◆ **ABOUT THIS EXERCISE**: Set down, character for character, everything in the records below from the line holding "Le bureau Bella" down to the line holding "中央气象台8日18时发布暴雨", and no other line.

:: MATERIAL FOR THIS TASK

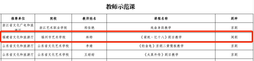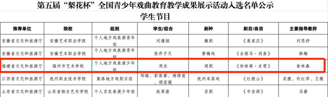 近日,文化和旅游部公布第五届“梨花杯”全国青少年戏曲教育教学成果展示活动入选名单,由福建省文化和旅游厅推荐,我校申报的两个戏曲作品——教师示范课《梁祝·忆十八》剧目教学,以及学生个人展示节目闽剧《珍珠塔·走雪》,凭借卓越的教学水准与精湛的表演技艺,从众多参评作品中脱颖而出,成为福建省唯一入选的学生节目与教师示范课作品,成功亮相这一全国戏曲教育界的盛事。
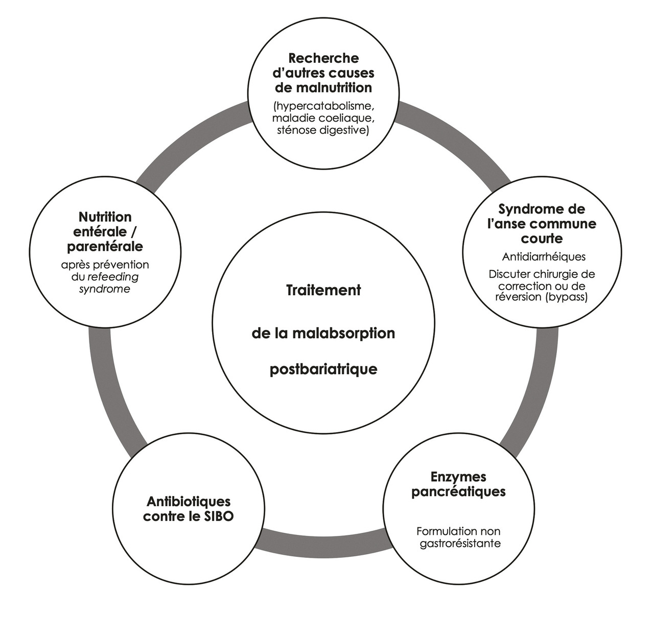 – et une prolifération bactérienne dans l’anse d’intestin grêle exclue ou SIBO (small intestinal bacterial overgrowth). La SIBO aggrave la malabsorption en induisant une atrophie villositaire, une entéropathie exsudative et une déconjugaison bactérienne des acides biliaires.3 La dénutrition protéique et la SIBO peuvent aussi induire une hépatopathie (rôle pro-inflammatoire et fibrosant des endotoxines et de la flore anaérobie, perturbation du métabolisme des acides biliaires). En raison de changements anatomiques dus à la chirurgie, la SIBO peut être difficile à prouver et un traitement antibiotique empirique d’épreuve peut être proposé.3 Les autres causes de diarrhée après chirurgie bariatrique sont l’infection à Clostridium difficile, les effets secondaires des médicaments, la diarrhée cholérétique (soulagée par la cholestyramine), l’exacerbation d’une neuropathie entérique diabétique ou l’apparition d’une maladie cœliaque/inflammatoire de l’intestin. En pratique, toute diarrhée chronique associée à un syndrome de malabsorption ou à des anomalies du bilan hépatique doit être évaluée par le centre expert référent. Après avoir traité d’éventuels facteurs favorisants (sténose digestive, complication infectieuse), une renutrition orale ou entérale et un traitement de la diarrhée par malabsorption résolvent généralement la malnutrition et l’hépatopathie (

::::
:: MATERIAL FOR THIS TASK

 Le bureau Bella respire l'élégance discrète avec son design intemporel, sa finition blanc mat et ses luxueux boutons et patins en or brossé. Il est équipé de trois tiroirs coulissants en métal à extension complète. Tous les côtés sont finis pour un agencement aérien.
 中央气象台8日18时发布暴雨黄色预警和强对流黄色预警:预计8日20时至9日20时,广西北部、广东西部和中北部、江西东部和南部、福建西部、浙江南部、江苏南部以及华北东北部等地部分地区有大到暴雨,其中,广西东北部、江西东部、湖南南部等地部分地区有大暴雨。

::::
:: MATERIAL FOR THIS TASK

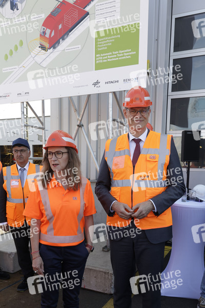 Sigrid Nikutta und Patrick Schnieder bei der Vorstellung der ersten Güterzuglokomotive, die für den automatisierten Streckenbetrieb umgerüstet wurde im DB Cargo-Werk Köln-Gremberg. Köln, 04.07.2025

::::

◆ **FINISHED EXERCISE**:
 Le bureau Bella respire l'élégance discrète avec son design intemporel, sa finition blanc mat et ses luxueux boutons et patins en or brossé. Il est équipé de trois tiroirs coulissants en métal à extension complète. Tous les côtés sont finis pour un agencement aérien.
 中央气象台8日18时发布暴雨黄色预警和强对流黄色预警:预计8日20时至9日20时,广西北部、广东西部和中北部、江西东部和南部、福建西部、浙江南部、江苏南部以及华北东北部等地部分地区有大到暴雨,其中,广西东北部、江西东部、湖南南部等地部分地区有大暴雨。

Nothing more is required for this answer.